I eat my cereal, and change for the day, before heading to the hallway to figure out how I can get everything to the dumpster in one go. Regret looms in the back of my mind, as I recall Evan's offer to take it all down last night. I stack the flat boxes, making a rickety pile of all the torn and cut up pieces, stacking them in two piles. I'll just have to do the rounds twice.

Opening my door, a humid breeze climbs its way up the stairs and greets me on the landing, waiting to coat me with a muggy grease layer the moment I step out. I take the first stack of boxes down the stairs and to the dumpster behind the apartment building. I throw them inside and shack my arms loosely at the relief from the weight.

I repeat it again, this time taking my back pack and locking my door behind me as I carry the last of the rubbish to the dumpster. Taking the last steps down to ground floor- even behind the stack in my arms- I don't miss Noah, standing at his mailbox, sifting through the white envelopes. Subconsciously my heart decides to act on its own accord, moving up my throat with every thudding beat.
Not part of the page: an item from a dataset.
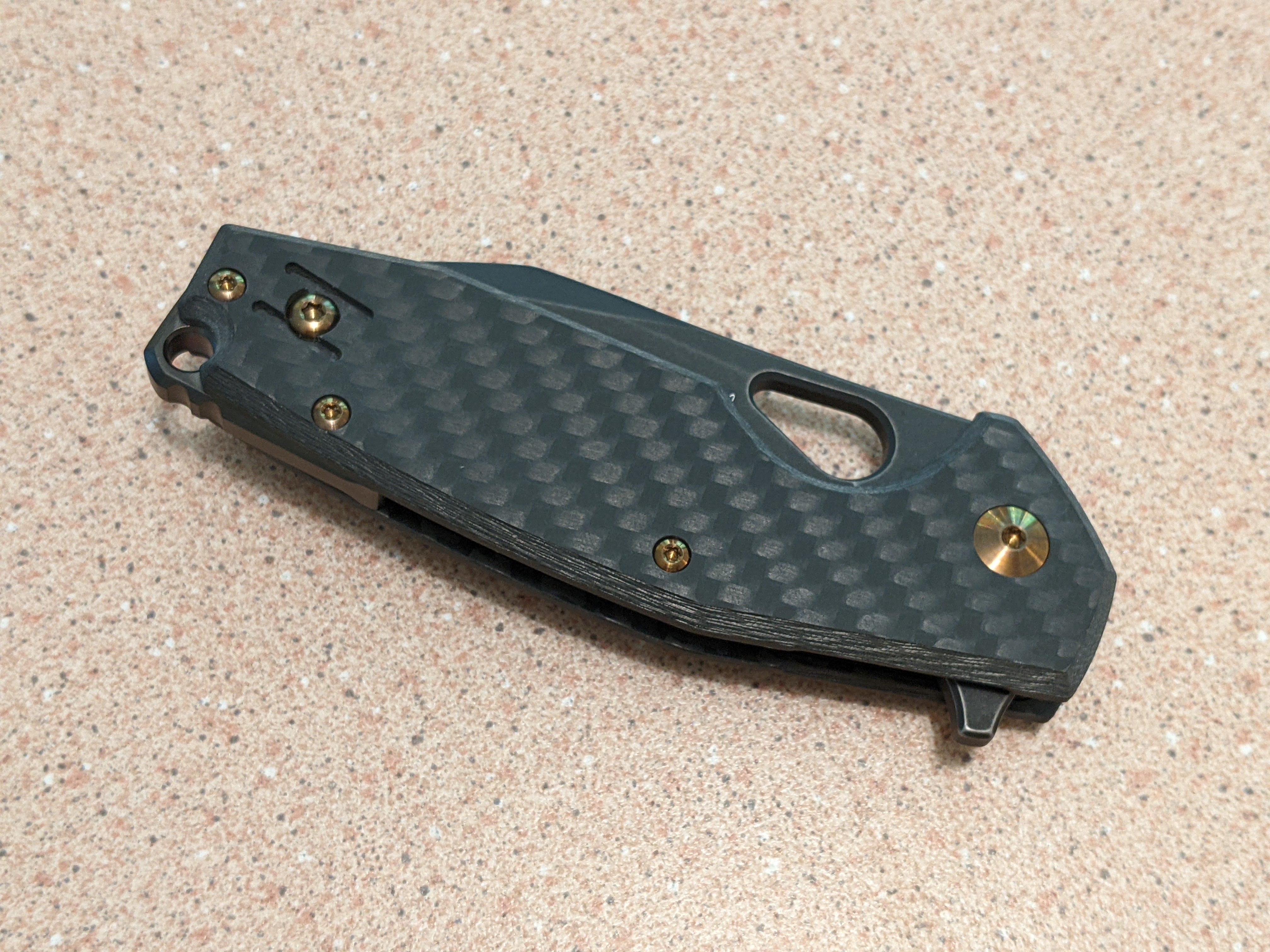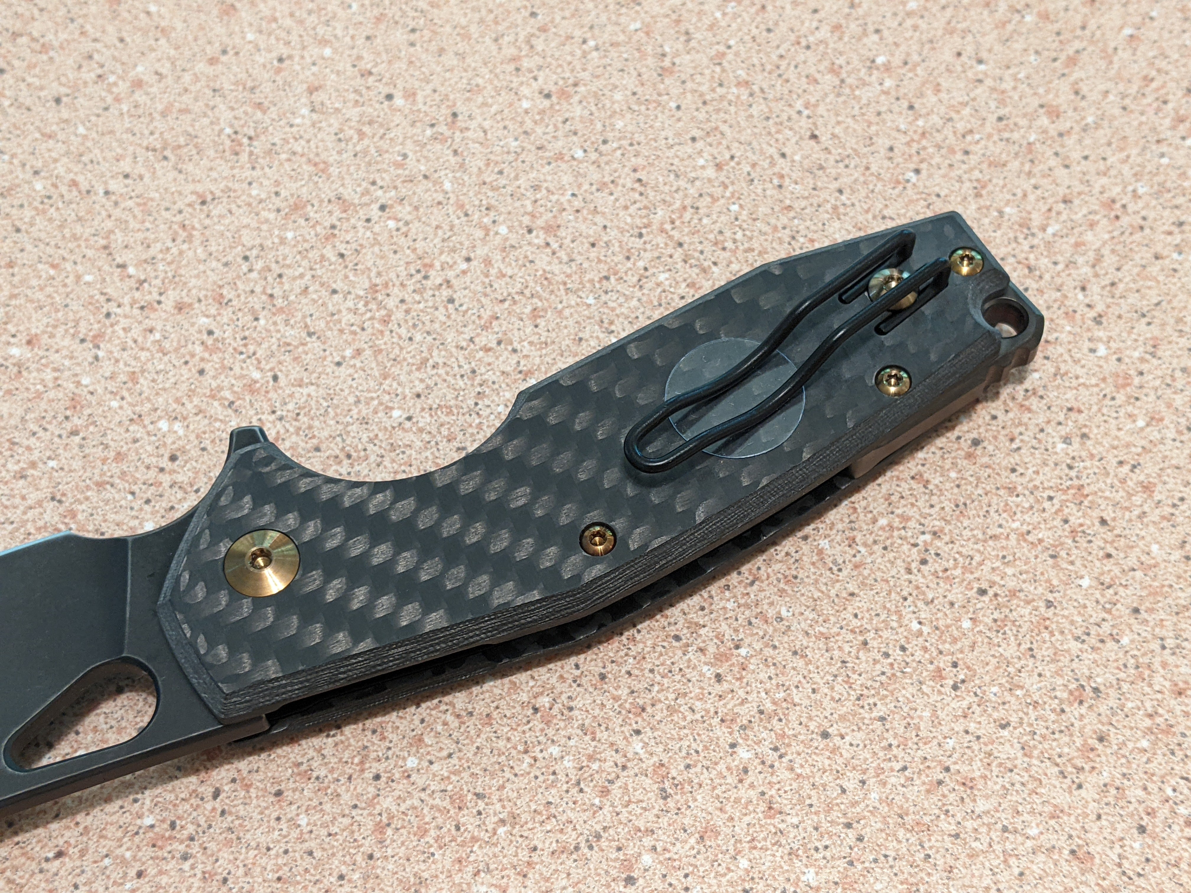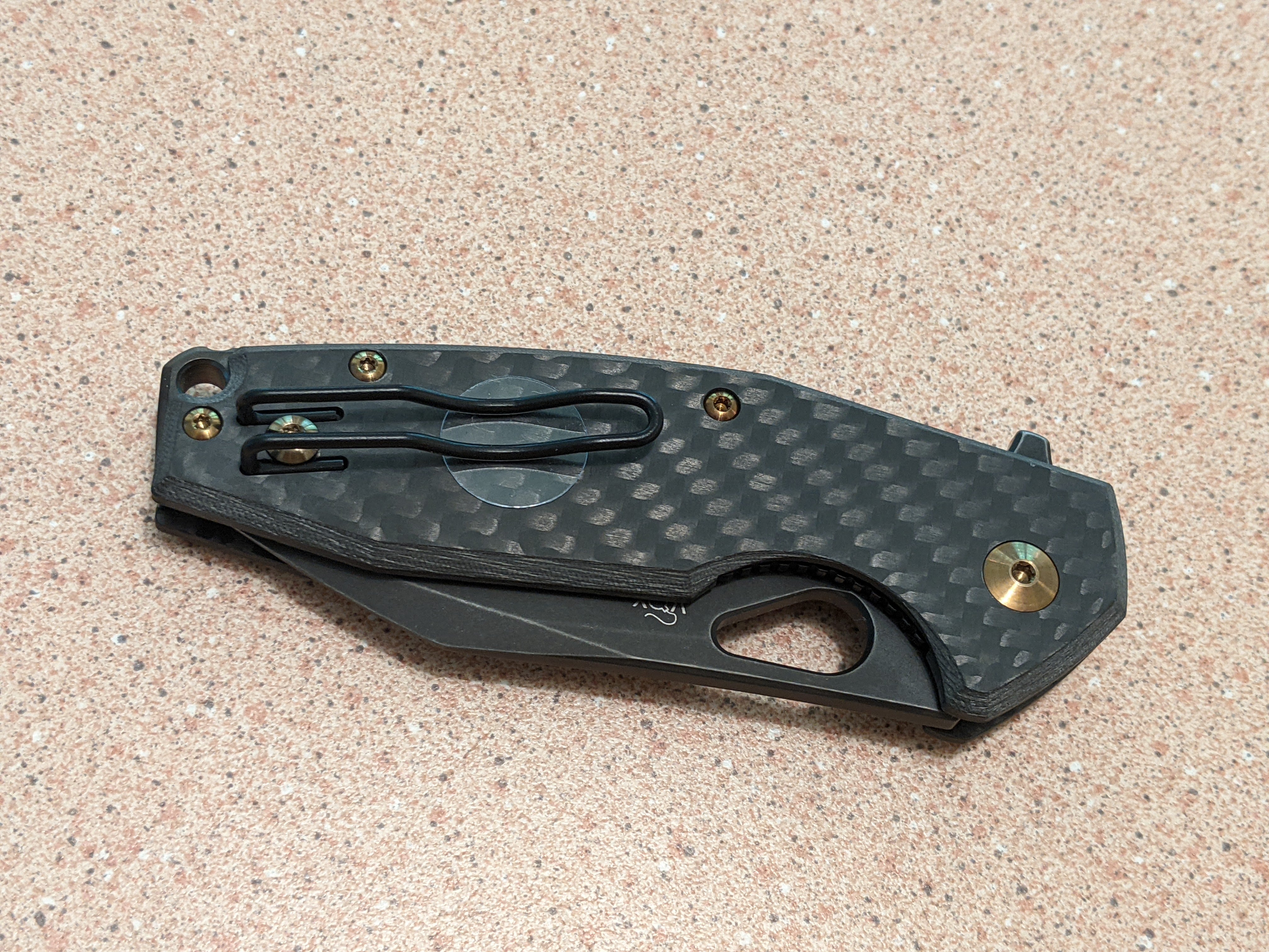 The carbon fiber handle provides a lightweight and comfortable grip, while the thumb pull and extended tang allow for easy one-handed opening. The lanyard hole adds versatility, and the pocket clip ensures convenient carry.

I wanted to continue walking briskly hoping his eyes don't shift from his letters to the eyesore of recyclable rubbish I'm carrying. It was a farfetched hope. Noah didn't look up because he noticed me, he looked up because he heard me. The traitorous "hey" that shot from between my lips in a breathless huff hits its only target in the empty landing. I stop at the end of the stairs, mustering up a smile and thinking of a lame apology.

"Morning." Noah nods his head curtly, his tousled hair drooping over his eyebrows as he swings his back pack over his shoulder and stuffs the letters inside. He gives me a smile, though not one I've noticed on him before. It barely pulls at his lips and stretches his cheeks. His teeth don't show and the crinkles by his eyes don't deepen. It's a half decent smile- kind of like my apologies.